I presupposti che mi accompagnano
Ogni persona è attiva ed esperta di se stessa
Ciò che mi orienta nella pratica della psicoterapia è la Teoria dei Costrutti Personali di Georg Kelly e le successive elaborazioni.
Secondo questa teoria, la persona è vista nella sua totalità, non viene suddivisa in comportamenti – cognizioni – emozioni. L’attenzione è rivolta a comprendere come la persona sceglie di muoversi nel mondo, che senso e che significato dà a sé stessa, agli accadimenti della sua vita e alle relazioni che instaura. La persona quindi è vista come attiva ed esperta di sé stessa.

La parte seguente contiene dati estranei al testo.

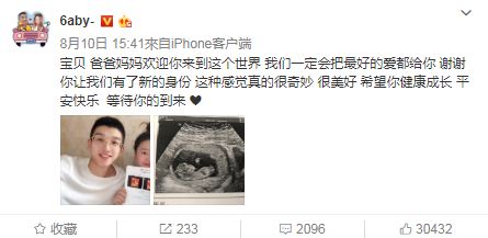 照片中,小可愛雙手拿著印有超音波照片的紙張,小倆口都露出幸福又滿足的笑容,向全天下昭告好消息之餘,也對肚子裡的小孩說道:「寶貝,爸爸媽媽歡迎你來到這個世界,我們一定會把最好的愛都給你。謝謝你讓我們有了新的身份,希望你健康成長、平安快樂,等待你的到來。」老公羊羊羊同時也在社群平台感性地說:「期待我們全新的家庭模式1+1=3。」

Ho sempre pensato che ogni persona sia unica, originale, irripetibile, che ognuna sia inserita in una prospettiva storica e che ognuna abbia il proprio punto di vista. Per questo ho sempre faticato a inserire le persone, e il disturbo che portano in terapia, all’interno di categorie diagnostiche predefinite.
Quando un cliente mi chiede che tipo di patologia ha, se è depresso o ansioso o bizzarro, o quando mi chiede quanto grave sia il problema che presenta, mi trovo in difficoltà a rispondere nei termini più canonici proprio perché parto da un presupposto diverso e cioè che non ci sia un’unica linea giusta o sbagliata da seguire o da evitare, ma che ci siano tante sfumature diverse quante sono le persone.
Il disturbo
Le persone si muovono nel mondo nel miglior modo possibile per loro, in quel momento
Penso che le persone si muovano nel mondo nel modo che per loro, in quel momento, è il migliore possibile. Ci sono poi momenti nella vita in cui quel modo di muoversi che ha funzionato sino a lì, sembra non valere più, sembra non avere lo stesso senso e lo stesso significato. È in questi momenti che la persona può sentirsi spaesata, confusa, persa, disorientata, spaventata, irriconoscibile ai suoi stessi occhi.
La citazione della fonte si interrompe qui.